FIG. 1 is an assembly view of a main part of a first embodiment of a printed wiring board mounting structure of a cylindrical vibration motor according to the present invention.

FIG. 2 is an assembly view of a main part of the second embodiment.

FIG. 3 is an assembly view of a main part of a modification of the second embodiment.

FIG. 4 is an assembly view of a main part of the third embodiment.

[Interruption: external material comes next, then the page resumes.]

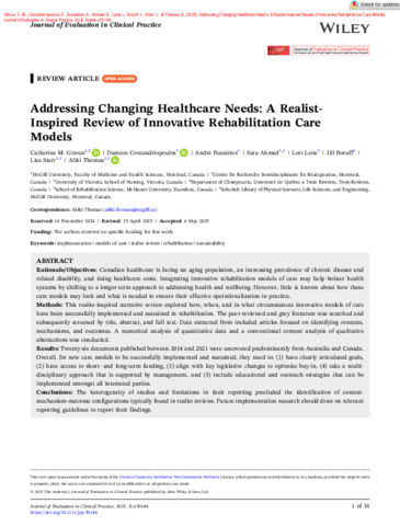 Giroux, C. M., Contandriopoulos, D., Bussières, A., Ahmed, S., Letts, L., Boruff, J., Starr, L. et Thomas, A. (2025). Addressing changing healthcare needs: A realist-inspired review of innovative rehabilitation care models. Journal of Evaluation in Clinical Practice, 31 (4). Article e70144. ISSN 1356-1294 1365-2753 DOI 10.1111/jep.70144

FIG. 5 is a perspective view of a main part of a conventional cylindrical vibration motor mounted on a printed wiring board.

[Explanation of symbols]

 1, 11 Cylindrical vibration motor 1a Metal case 1b Resin bracket 1c, 11c, 12c Power supply terminal 2 Holder 2a Holder 2b Mounting leg 2c Base H housing 3, 33, 34, 35, 36 Power supply electrode 4 Printed wiring board

Claims (7)

[Claims] 1. A cylindrical vibration motor mounting structure which is mounted on a printed wiring board while being laid on the printed wiring board. A holder for holding a housing of the motor and at least one power supply terminal protruding outward from the housing of the motor. A printed wiring board mounting structure of a cylindrical vibration motor which is attached to a printed wiring board via a power supply electrode to be brought into contact. 2. The printed wiring board mounting structure for a cylindrical vibration motor according to claim 1, wherein the housing of the motor is one power supply terminal, and at least a part of the holder is one power supply electrode for receiving the housing. 3. The printed wiring board mounting structure for a tubular vibration motor according to claim 1, wherein the power supply electrode to be brought into contact with at least one power supply terminal is formed by sandwiching the power supply terminal. 4. The printed wiring board mounting structure for a cylindrical vibration motor according to claim 1, wherein at least one power supply terminal and the power supply electrode are formed in a male and female type and are brought into contact with each other by press-fitting. 5. The printed wiring board mounting structure for a cylindrical vibration motor according to claim 1, wherein the holder is formed of a heat-resistant resin. 6. The printed wiring board mounting structure for a cylindrical vibration motor according to claim 1, wherein the holder is at least partially formed of metal. 7. A method for mounting a cylindrical vibration motor on a printed wiring board, wherein the holder holds a housing of the motor and at least one power supply terminal protruding outward from the housing of the motor. A method for mounting a printed circuit board on a cylindrical vibration motor, comprising: reflow-soldering a contacting power supply electrode together with another electronic component; and then mounting the motor on a holder and bringing a power supply terminal into contact with the power supply electrode.